=== Section Start ===
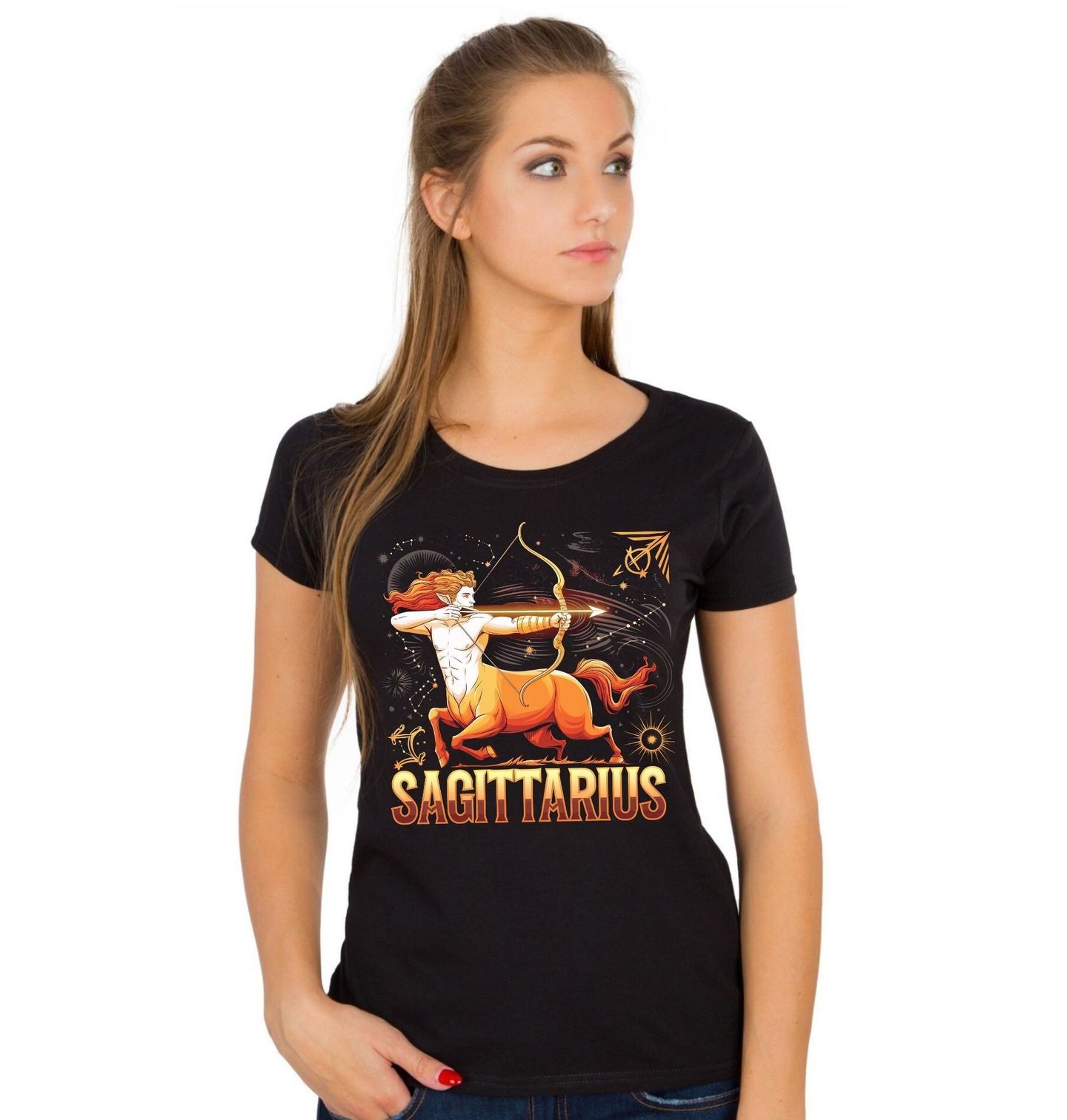 Dámské tričko Znamení Horoskopu Střelec Sagittarius. Pro každého, kdo míří vysoko – tričko s motivem znamení zvěrokruhu Střelec Sagittarius tě propojí s tvou kosmickou energií. Design inspirovaný fantasy a astrologií zachycuje klasického kentaurího střelce připraveného vypustit svůj šíp do hvězd. Patříš mezi narozené ve znamení Střelce? Horoskop Střelec: 22. listopadu – 21. prosince.
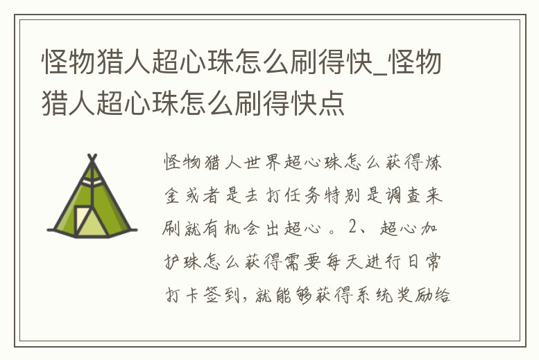怪物獵人超心珠怎么刷得快_怪物獵人超心珠怎么刷得快點
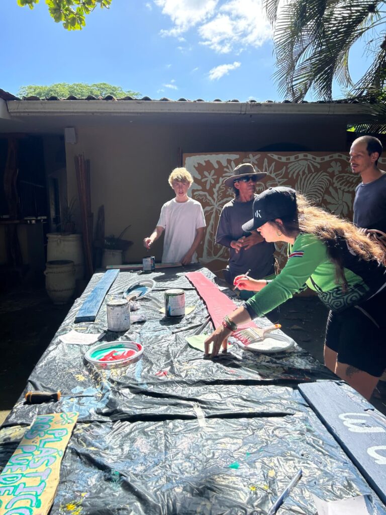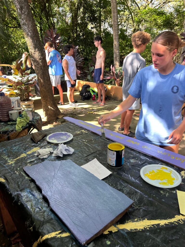 Today we had a late morning with a breakfast of omelette and fruit at 8:30. After breakfast we headed to our last surf lesson of the trip. It’s sad to see that this trip is coming to an end. After our lesson we headed back to the peace retreat for a yummy lunch of hamburgers. Following lunch we left to go do more service. We headed to Oropopo. There we painted signs to put up in n the area to raise awareness and spread messages to help the planet. After Oropopo we went back to the peace retreat.
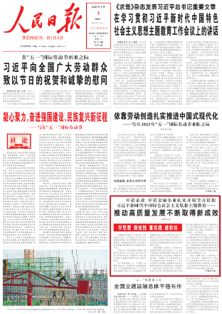 人民日報2023年5月1日頭版刊發(fā)《中管企業(yè)、中管金融企業(yè)扎實開展學(xué)習(xí)貫徹習(xí)近平新時代中國特色社會主義思想主題教育——推動高質(zhì)量發(fā)展不斷取得新成效(學(xué)思想 強黨性 重實踐 建新功)》。文中提到:
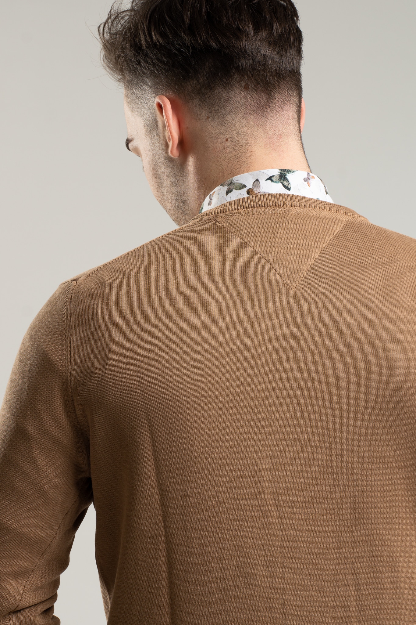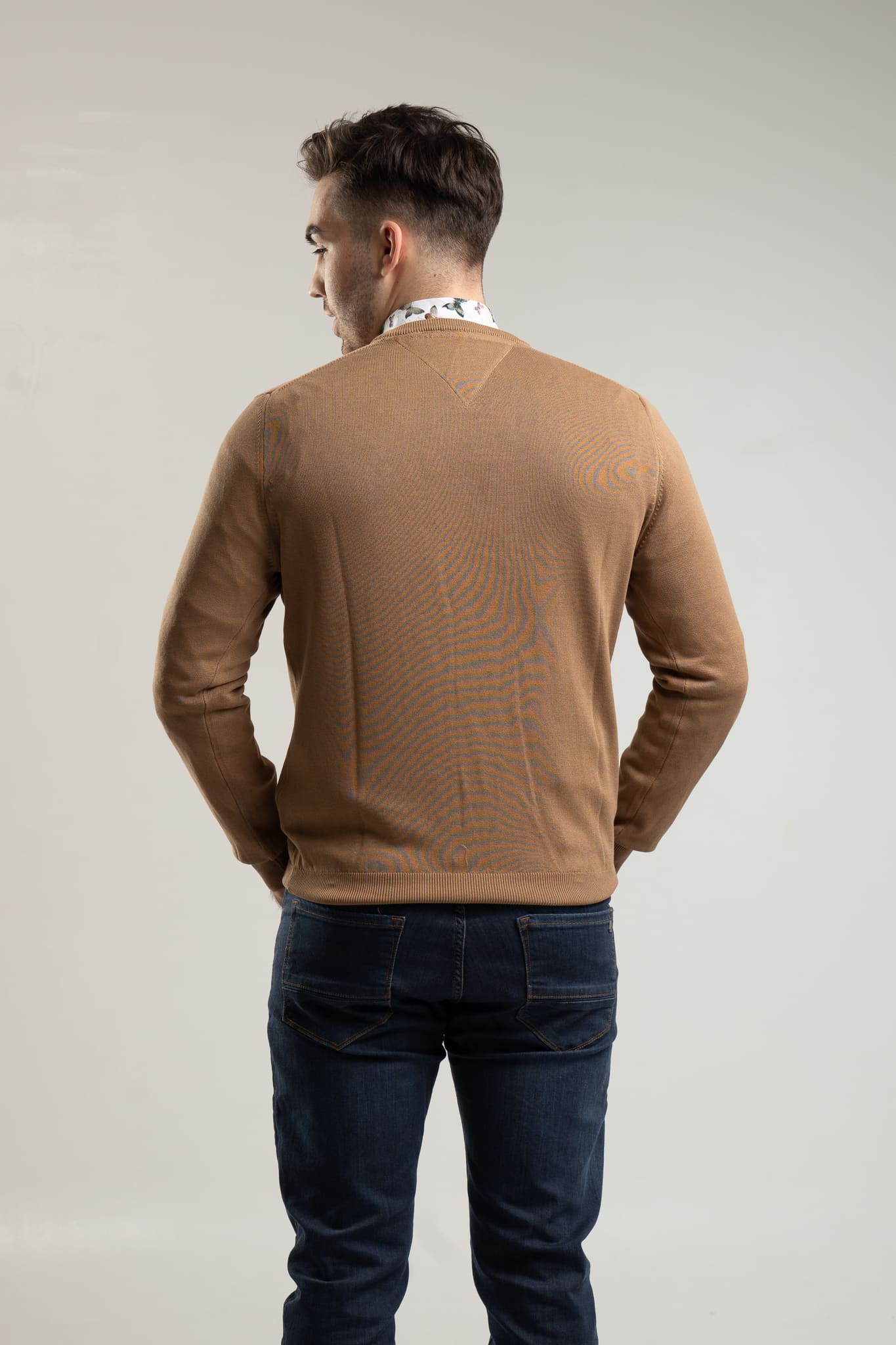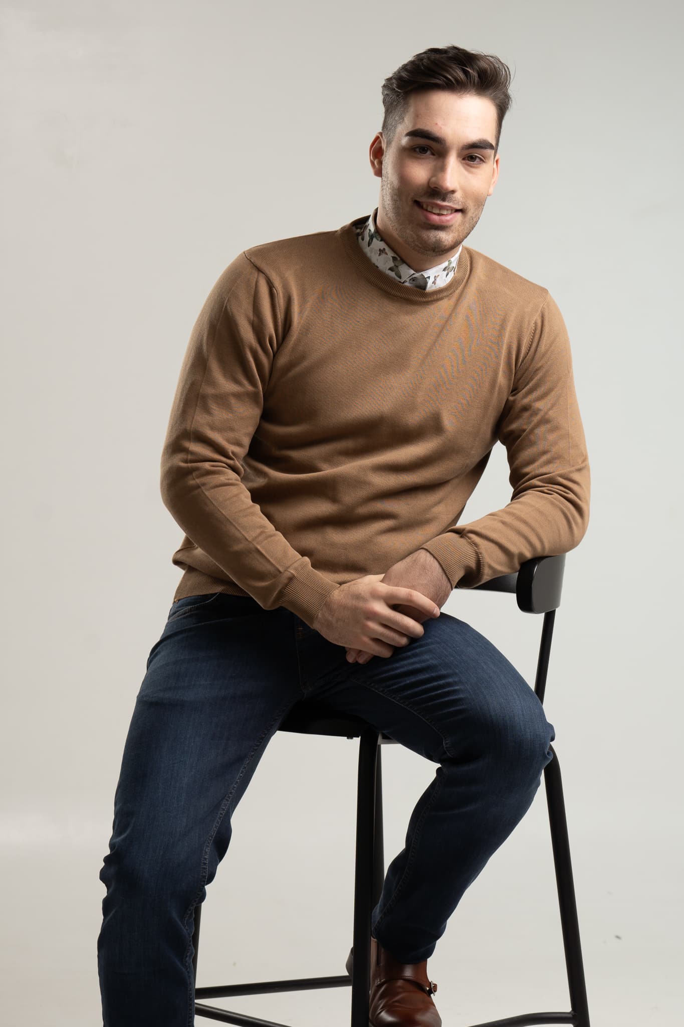 Sweter męski z okrągłym dekoltem w kolorze beżowym wykonany został z najwyższej jakości tkaniny bawełnianej (100% bawełny), co gwarantuje najwyższy komfort użytkowania. Wyposażony został w ściągacze przy szyi, w pasie i w rękawach dla zapewnienia maksymalnego komfortu termicznego. Cechuje go jakość wykonania oraz dbałość o detale.
=== Section End ===
WORK ITEM: The expected output is an exact retyping of the lines from the line with "Today we had" through the last line of the data, with both ends kept and the pictures dropped.

SOLUTION TO THIS EXERCISE:
 Today we had a late morning with a breakfast of omelette and fruit at 8:30. After breakfast we headed to our last surf lesson of the trip. It’s sad to see that this trip is coming to an end. After our lesson we headed back to the peace retreat for a yummy lunch of hamburgers. Following lunch we left to go do more service. We headed to Oropopo. There we painted signs to put up in n the area to raise awareness and spread messages to help the planet. After Oropopo we went back to the peace retreat.
 人民日報2023年5月1日頭版刊發(fā)《中管企業(yè)、中管金融企業(yè)扎實開展學(xué)習(xí)貫徹習(xí)近平新時代中國特色社會主義思想主題教育——推動高質(zhì)量發(fā)展不斷取得新成效(學(xué)思想 強黨性 重實踐 建新功)》。文中提到:
 Sweter męski z okrągłym dekoltem w kolorze beżowym wykonany został z najwyższej jakości tkaniny bawełnianej (100% bawełny), co gwarantuje najwyższy komfort użytkowania. Wyposażony został w ściągacze przy szyi, w pasie i w rękawach dla zapewnienia maksymalnego komfortu termicznego. Cechuje go jakość wykonania oraz dbałość o detale.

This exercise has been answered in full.